I'm not advocating spoiling your child. I just don't think that allowing your child to own a cell phone (and act responsibly with it) in itself constitutes spoiling your child in this day and age. I don't believe that the idea of getting a teenager a cell phone as a gift should be seen as some monumental battle of wills between you and your kids. Cell phones are ubiquitous within our society, and are something that our kids will simply accept as a normal modern convenience. However, we can still remember the days when cell phones were not commonplace (and were the size of a large shoe) and were tremendously expensive, and the idea of a teenager owning one seems a bit "off" to us.

I'm hoping that my kids won't want cell phones for the sole reason that their friends have them. I want my kids to be individuals, but I won't force individuality on them simply for its own sake.

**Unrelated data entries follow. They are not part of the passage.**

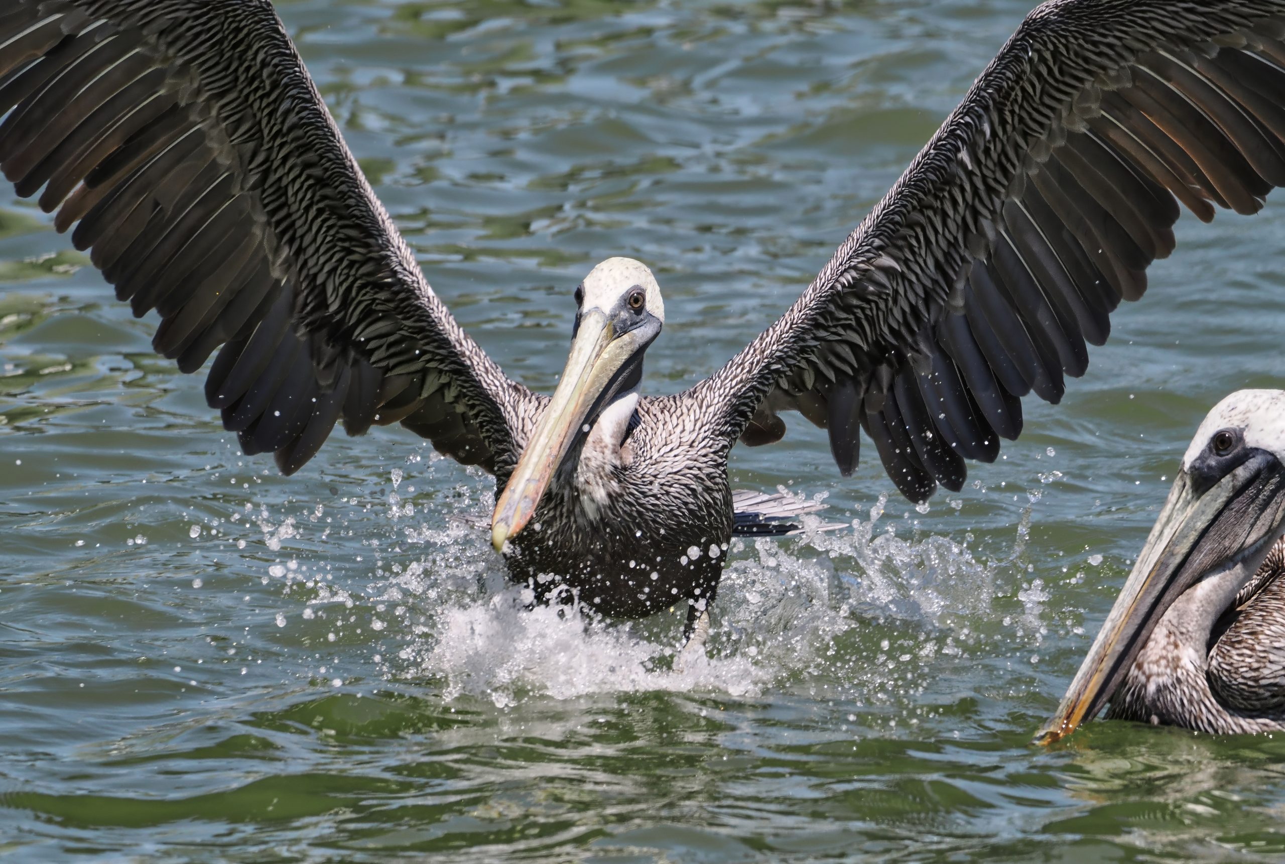 Brown Pelican (Pelecanus occidentalis) over The Packery Channel between the southern tip of Matagorda Island and the northern tip of Padre Island, near Corpus Christi, Texas. Anhinga anhinga. Smith Oaks Audubon sanctuary, High Island, Texas.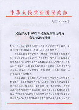 民政部全国民政政策理论研究成果奖是国内民政理论研究领域最高奖项。本次评选共收到全国民政系统和高校科研机构提交的论文2118篇,经专家评审,共计有39篇研究获得一等奖,129篇研究获得二等奖,163篇研究获得三等奖。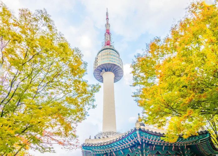 Mùa thu là mùa đẹp nhất để ghé thăm tháp Namsan khi cả ngọn núi được nhuộm bởi sắc vàng, đỏ của lá phong và ngân hạnh. Nhiệt độ lúc này dao động từ 15-25°C, vô cùng dễ chịu, thích hợp cho việc leo núi, tản bộ và chụp ảnh. Đây cũng là thời điểm lý tưởng để tận hưởng không khí lãng mạn và ngắm nhìn Seoul từ trên cao giữa bầu trời trong xanh, đầy quyến rũ.

Perhaps I'll tell them that if they're old enough to want thing such as a phone, they're old enough to get a part-time job to purchase and pay for such a phone. Perhaps I'll purchase one for them as a Christmas gift with a set of conditions attached that they must live up to in order to keep it.

What I won't do, is forbid them from owning one simply because *I* think they're annoying or a waste of money. I'll let them know about the expense involved, etc... but it'll be up to them whether they really want one in the end. They'll be paying the bill for it, and they'll have to decide if it is worth the expense. If it's important to them, they'll make their payments and monitor their usage. If they screw up and can't make a payment on their phone, they'll lose it and hopefully learn a lesson in the process.

What I won't do is forbid them from owning a phone, simply because *I* see no value in it. There's a fine line between instilling your values in your child, and allowing your child to become his/her own person. Trying to control the minutiae of your child's life and desires becomes smothering to your child, and leads to resentment later on.

And the resentment won't come *solely* because you didn't purchase your child a cell phone. That's obviously not the case. Actually, it'll probably have nothing to do with it. It'll come because of all the times that you told your child that what he/she wants is "stupid" and that how he/she feels about the subject is irrelevant. It's not letting your child make mistakes, or to have an opinion that's different than your own. That's where the resentment comes from.